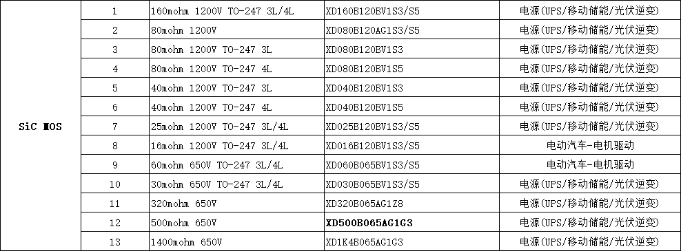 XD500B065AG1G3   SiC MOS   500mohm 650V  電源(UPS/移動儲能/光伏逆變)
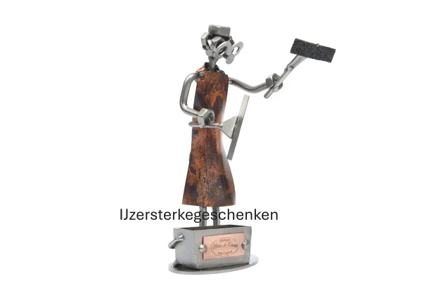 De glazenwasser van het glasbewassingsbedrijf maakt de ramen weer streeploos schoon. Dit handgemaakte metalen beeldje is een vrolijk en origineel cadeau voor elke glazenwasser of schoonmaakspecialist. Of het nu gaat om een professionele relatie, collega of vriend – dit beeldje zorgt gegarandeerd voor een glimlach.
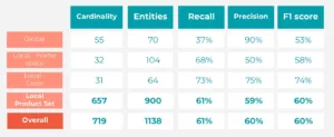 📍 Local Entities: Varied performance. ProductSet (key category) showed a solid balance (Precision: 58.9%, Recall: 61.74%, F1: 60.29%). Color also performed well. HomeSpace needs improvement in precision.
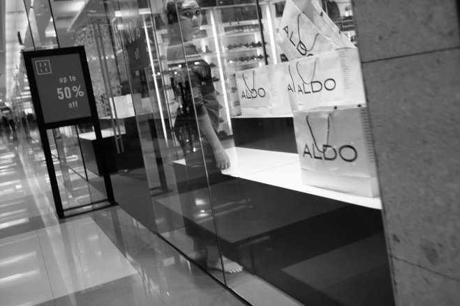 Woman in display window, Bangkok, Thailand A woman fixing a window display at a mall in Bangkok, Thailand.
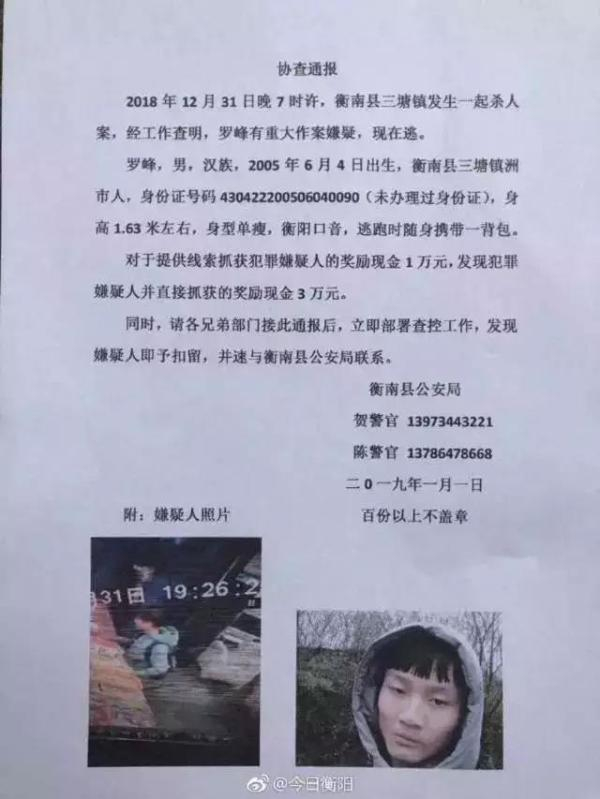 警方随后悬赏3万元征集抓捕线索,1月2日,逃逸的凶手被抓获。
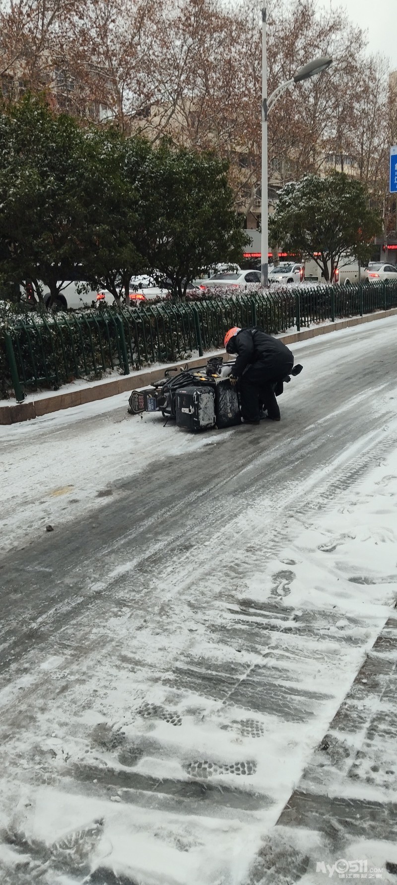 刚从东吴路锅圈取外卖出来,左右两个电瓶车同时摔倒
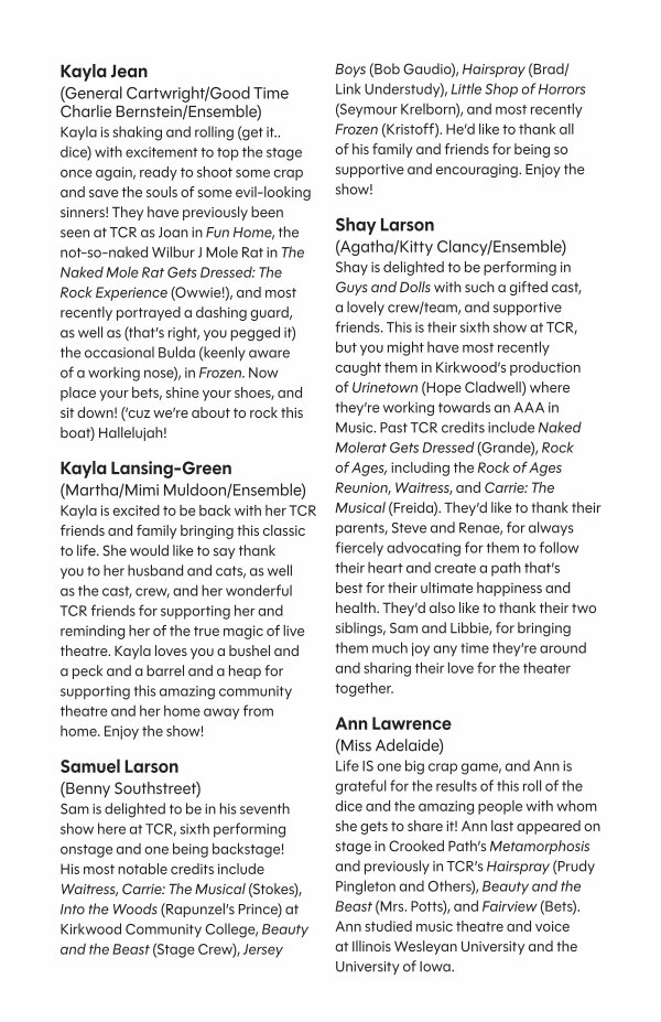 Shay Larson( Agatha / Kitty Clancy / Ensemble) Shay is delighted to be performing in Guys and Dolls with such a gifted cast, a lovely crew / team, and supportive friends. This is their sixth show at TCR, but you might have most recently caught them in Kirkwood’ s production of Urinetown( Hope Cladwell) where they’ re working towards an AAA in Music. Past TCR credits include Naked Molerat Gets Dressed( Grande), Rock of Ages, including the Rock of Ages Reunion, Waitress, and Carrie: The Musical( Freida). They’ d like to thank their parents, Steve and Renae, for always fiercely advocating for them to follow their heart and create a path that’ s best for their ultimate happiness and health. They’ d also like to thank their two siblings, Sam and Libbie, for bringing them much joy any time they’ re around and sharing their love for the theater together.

WHAT IS REQUIRED:
Give back an exact copy of only the lines from the one with "刚从东吴路锅圈取外卖出来,左右两个电瓶车同时摔倒" through the final line of the material, both included. Pictures do not belong in it.

ANSWER BELOW:
 刚从东吴路锅圈取外卖出来,左右两个电瓶车同时摔倒
 Shay Larson( Agatha / Kitty Clancy / Ensemble) Shay is delighted to be performing in Guys and Dolls with such a gifted cast, a lovely crew / team, and supportive friends. This is their sixth show at TCR, but you might have most recently caught them in Kirkwood’ s production of Urinetown( Hope Cladwell) where they’ re working towards an AAA in Music. Past TCR credits include Naked Molerat Gets Dressed( Grande), Rock of Ages, including the Rock of Ages Reunion, Waitress, and Carrie: The Musical( Freida). They’ d like to thank their parents, Steve and Renae, for always fiercely advocating for them to follow their heart and create a path that’ s best for their ultimate happiness and health. They’ d also like to thank their two siblings, Sam and Libbie, for bringing them much joy any time they’ re around and sharing their love for the theater together.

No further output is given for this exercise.